Three Highlights of Upcoming China-U.S. Strategic and Economic Dialogue

Jun 22 , 2015

The 7th China-US Strategic and Economic Dialogue (S&ED) and the 6th High-Level Consultation on People-to-People Exchanges are to be held in Washington D.C. in late June. Chinese leaders will take a large delegation to the US. In his new book Dealing with China, former Treasury Secretary Henry Paulson described the Strategic Economic Dialogue (SED) President Bush and he himself developed with China in 2005 as an important platform to handle financial, trade, exchange rate, energy, environment and other issues between the two countries. The dialogues since then have become bricks with which a grand structure has been built, so that China and US are enabled to deal with possible tension and antagonism in the future. The SED became S&ED in 2009. Six rounds of dialogue have been conducted on bilateral, regional and global issues, with rich results.

 

 

In September, Chinese President is paying his first state visit to the US while celebrating the 70th anniversary of the United Nations. At a time when the two competitors may become strategic adversaries, the visit will be of great significance to stabilizing China-US relations, relieving anxiety and expanding common interests. The keynote of the upcoming S&ED will be to warm up for the state visit, encourage trade and investment, cool down hotspot issues, cheer for people-to-people exchanges and compare notes on global issues. The dialogue will cover extensive topics. This author believes there will be three main focus areas.

 

The first is the bilateral investment treaty (BIT). China is comprehensively deepening reform and opening wider according to the strategic decision made at the 3rd Plenum of the 18th CPC Central Committee. The BIT negotiation, together with accelerated effort to develop free-trade zones in Shanghai, Tianjin, Fujian and Guangdong, marks a profound change of the investment and financing administration system in China, which will lead to more investment opportunities for foreign capital including from the US. According to the report published by the National Committee on US-China Relations and Rhodium Group in May, Chinese companies invested 46 billion dollars in the US from 2000 to 2014, creating over 80,000 jobs. It is argued that greater transparency in the national security review by the Committee on Foreign Investment in the United States (CFIUS) will boost Chinese companies’ confidence in investing in the US. The two countries have completed negotiation on the main text and core clauses of BIT and are now focusing on the negative list. Messages from the dialogue in this regard are thus worth looking forward to.
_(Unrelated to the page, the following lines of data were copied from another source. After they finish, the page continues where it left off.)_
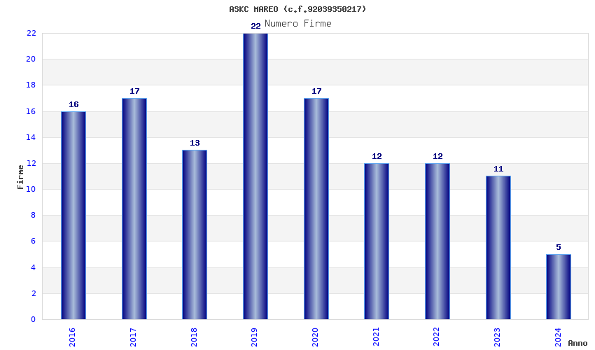 | Anno | Firme | Importi | Media | Naz. | Reg. | Prov. | Comu. |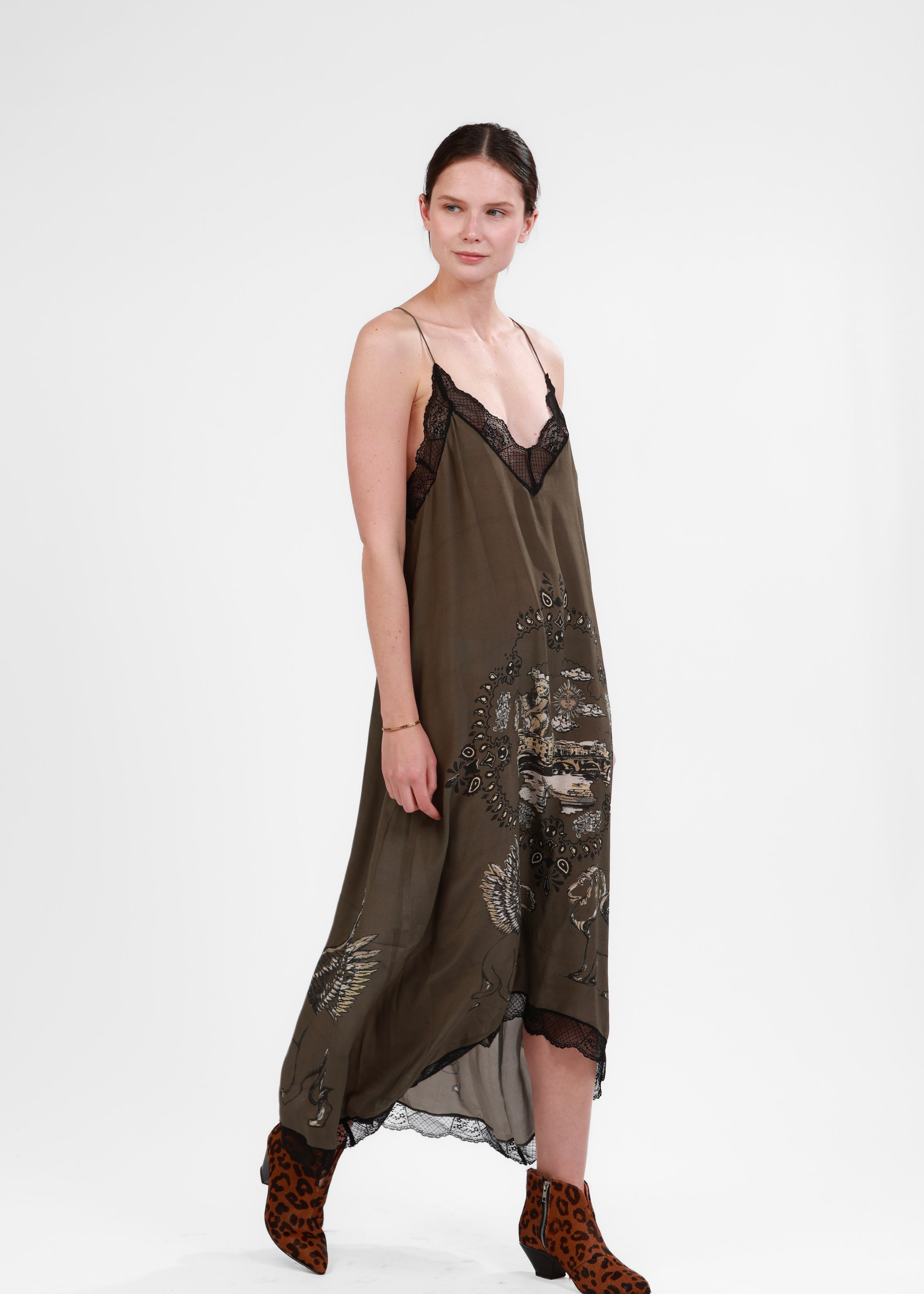 Expertly crafted from luxurious silk, our Zephyr Dress is a versatile addition to any wardrobe. The elegant midi length and adjustable straps make it perfect for any occasion, while the delicate black lace adds a touch of sophistication. Stay stylishly on-trend with the stunning green hue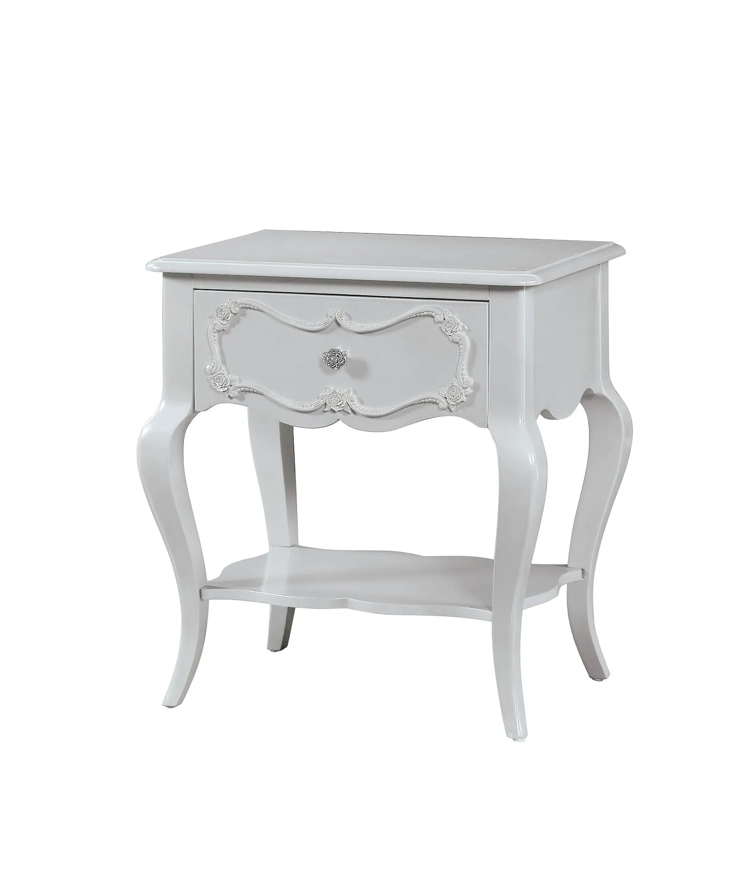 The alluring beauty and classic style of this nightstand will surely transform the hollow of any bedroom into something spectacular. Its sleek curves and design offer a perfect accent to the existing decor in your living space. This masterpiece features a drawer and a bottom shelf for safekeeping personal stuffs like novels, jewelry box or cosmetics. The unique design is solidified by the scalloped apron and the scrolled and rose inlay detail on the front drawer. the intricate design makes it an ideal piece for your kids room.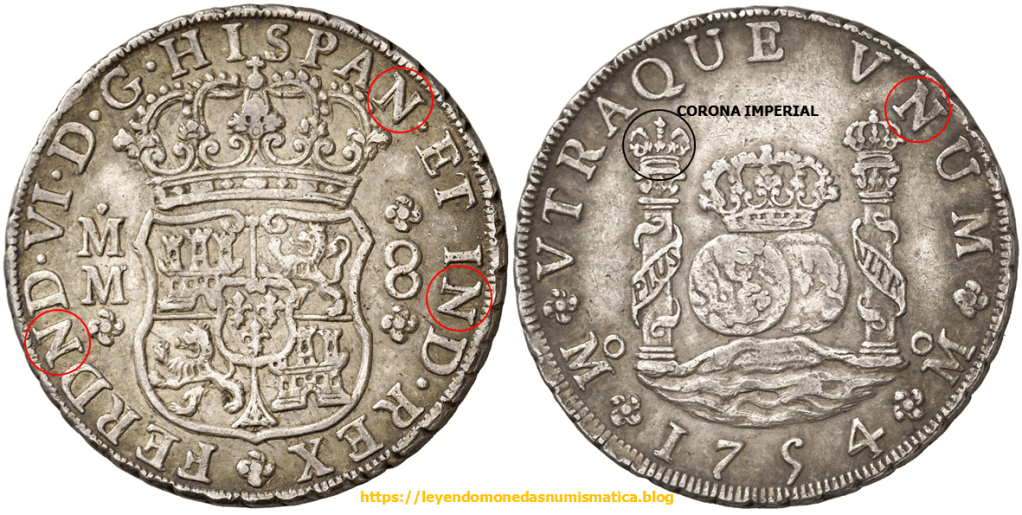 Aunque en ese mismo año, se acuñan igualmente columnarios con las dos coronas reales sobre ambas columnas del reverso. Los ensayadores son Manuel de León y Francisco de la Peña y Flores (MF). https://siemprenosquedarae.wixsite.com/columnario/mexico-fernando-vi
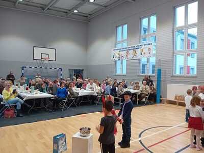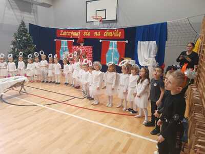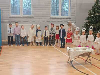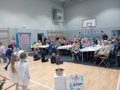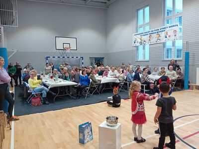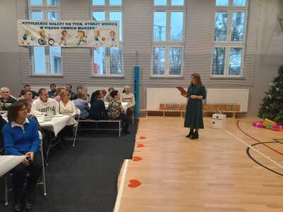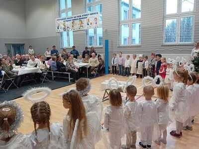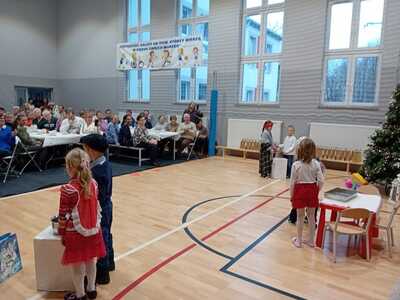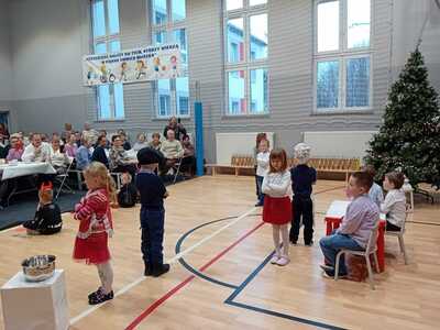 24 stycznia na sali gimnastycznej odbyła się uroczystość z okazji Dnia Babci i Dziadka. Dzieci z przedszkola miały okazję odwdzięczyć się swoim drogim babciom i dziadkom, a nawet prababciom i pradziadkom, którzy również zaszczycili nas swoją obecnością. Przedszkolaki zaprezentowały jasełka, recytowały wierszyk, śpiewały piosenki i tańczyły. Dziadkowie ze wzruszeniem nagradzali występy swoich wnucząt gromkimi brawami. Po części artystycznej każde dziecko ucałowało swoich dziadków oraz wręczało im samodzielnie wykonane podarunki. Nie zabrakło też poczęstunku, o który zadbali rodzice. Dzień Babci i Dziadka upłynął nam w miłej i ciepłej atmosferze. Ponadto wspólne świętowanie było okazją dla naszych przedszkolaków do pogłębienia więzi rodzinnych oraz kształtowania szacunku do osób starszych.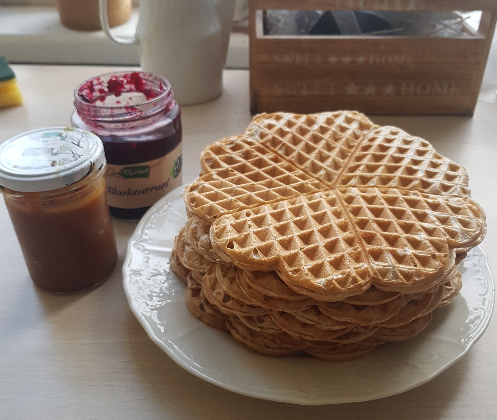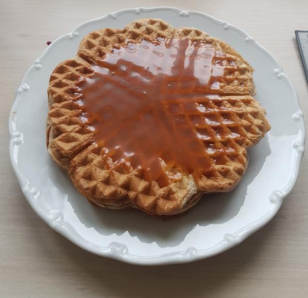 Dnes sladký obed: kváskové wafle s džemom a slaným karamelom 🥞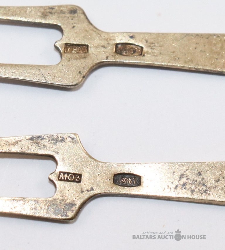 Dakšiņas 6 gab. Sudrabs 875, zeltījums, emalja. Svars 33,37 g. l=9,4 cm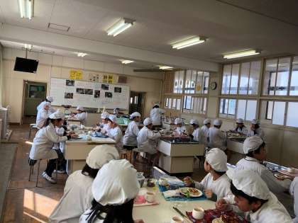 5年生は調理実習で、ホットケーキを作って、紅茶を入れていました。家庭の団らんの時間を大切にすること、みんなで手作りすろたのしさなどを学んでいます。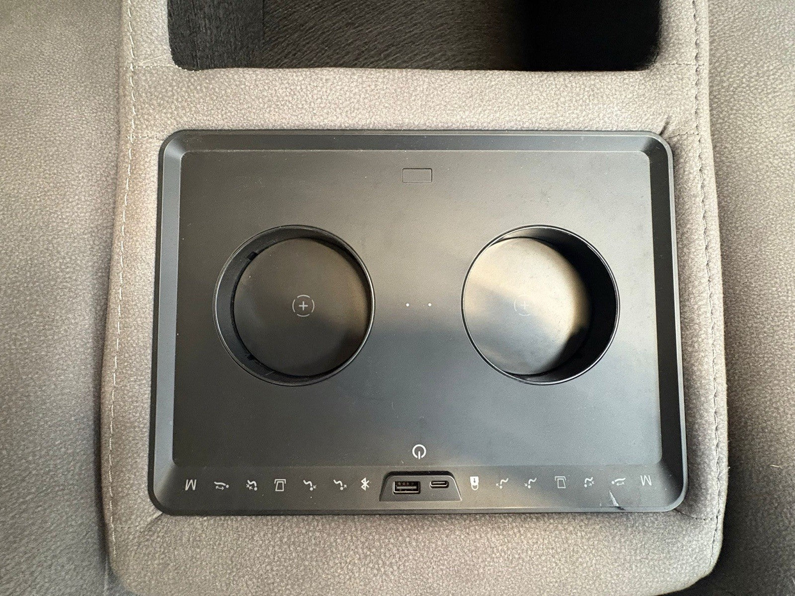 Each panel has Bluetooth and sound controls plus wireless charging and a cup holder.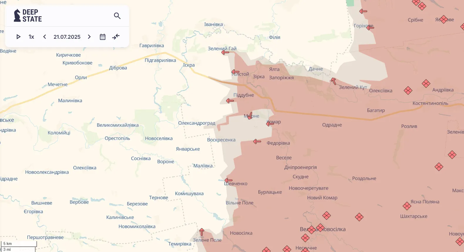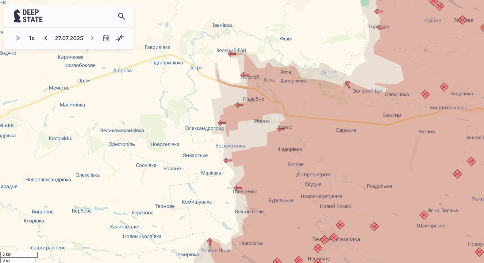 Російська армія продовжує метр за метром просуватися на Новопавлівському напрямку у бік кордону з Дніпропетровською областю. Наразі ворог не закріпився у жодному населеному пункті Дніпропетровщини, проте за останній тиждень він мав низку нових просувань біля адмінмежі.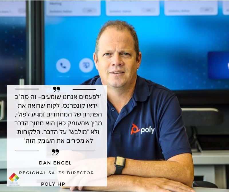"קיימות מגמות שונות אשר מביאות ל"השטחת" תהליך המכירה אבל אנחנו רואים את ההבדל בין הצטיידות "שטוחה" לבין כזו שכוללת hands-on עם ליווי pre-sale צמוד, המאפשרת ללקוח להשיג הרבה יותר. לקוח שקונה מ Poly HP פתרונות הוא לקוח שישתמש בצורה מקצועית יותר, יבין את היכולות השונות ויגדיל את את סט הכלים שלו בתחום הוידאו קונפרנס.

The second is the South China Sea issue. The clash between China’s rise and America’s strategy to rebalance the Asia Pacific has led to the loss of tranquility in the seas surrounding China. The South China Sea issue is poised to take the overall China-US relationship hostage. The US has been pointing fingers at recent Chinese construction on some islands and reefs and openly challenged China with flights of military aircrafts and a media uproar. Such dangerous provocation and quarrels will not help resolve problems. For China, the construction work is conducted for maritime search and rescue, disaster prevention and relief, meteorological observation, navigation safety and fisheries. And the normal freedom of navigation and flight has never met interference. Meanwhile, the South China Sea is the maritime lifeline of China. Given the aggressive moves of the US to strengthen its alliance system and forward military presence plus the reality of military deployments by other claimants on islands and reefs they have taken from China and occupied, China has every reason to enhance its capability in island defense and marine monitoring. However, it remains hard to imagine that China will challenge America’s maritime supremacy with just a few islands and reefs. In the face of China’s effort to feel more secure, there is no need for the superpower to make a huge fuss. American attempts to achieve geopolitical goals by creating regional tension will only steer a thriving Asia into a new Cold War, in which the interests of all countries will be harmed.

The third highlight will be military-to-military dialogue. Mil-to-mil ties are an important component of the two countries’ effort to develop a new model of major-power relationship. Last year, the two sides reached agreement on mutual notification mechanism for major military operations and standards of behavior for air and sea military safety at high seas. The two sides are now negotiating rules of behavior for air encounters. The S&ED will offer an opportunity to observe whether they will consult each other on nuclear issues, maritime affairs, space and polar regions and whether the cyber security working group dialogue that has been interrupted by the Department of Justice’s cyber espionage charges against Chinese military officers will be resumed.

Ten years have passed like a short moment. Since the creation of this dialogue, huge changes have taken place in China-US relations. There are contacts in wider areas and converse on more extensive topics. At the same time, competition between them has become more fierce and the relationship more complex. It seems that how to treat each other or engage more effectively, and where China-US relations are going, have become difficult questions for both. There have been various new ideas proposed such as new Cold War, Thucydides trap, community of shared destiny and new model of major power relationship etc, involving all forms of interaction such as engagement, competition, containment, regulation and cooperation. Recently some renowned American China experts, including David Lampton and Orville Schell, have expressed concerns over China-US relations. As the 2016 general election gradually unfolds in the US, China may again become an election scapegoat. However, we still believe that so long as both countries still attach importance to this dialogue mechanism, the largest between them and at the highest level, and so long as the list of cooperation results grows longer as time passes by, leaders and people in both countries should have confidence in each other and China-US relations will stand the test of the times and push upward against setbacks and resistance.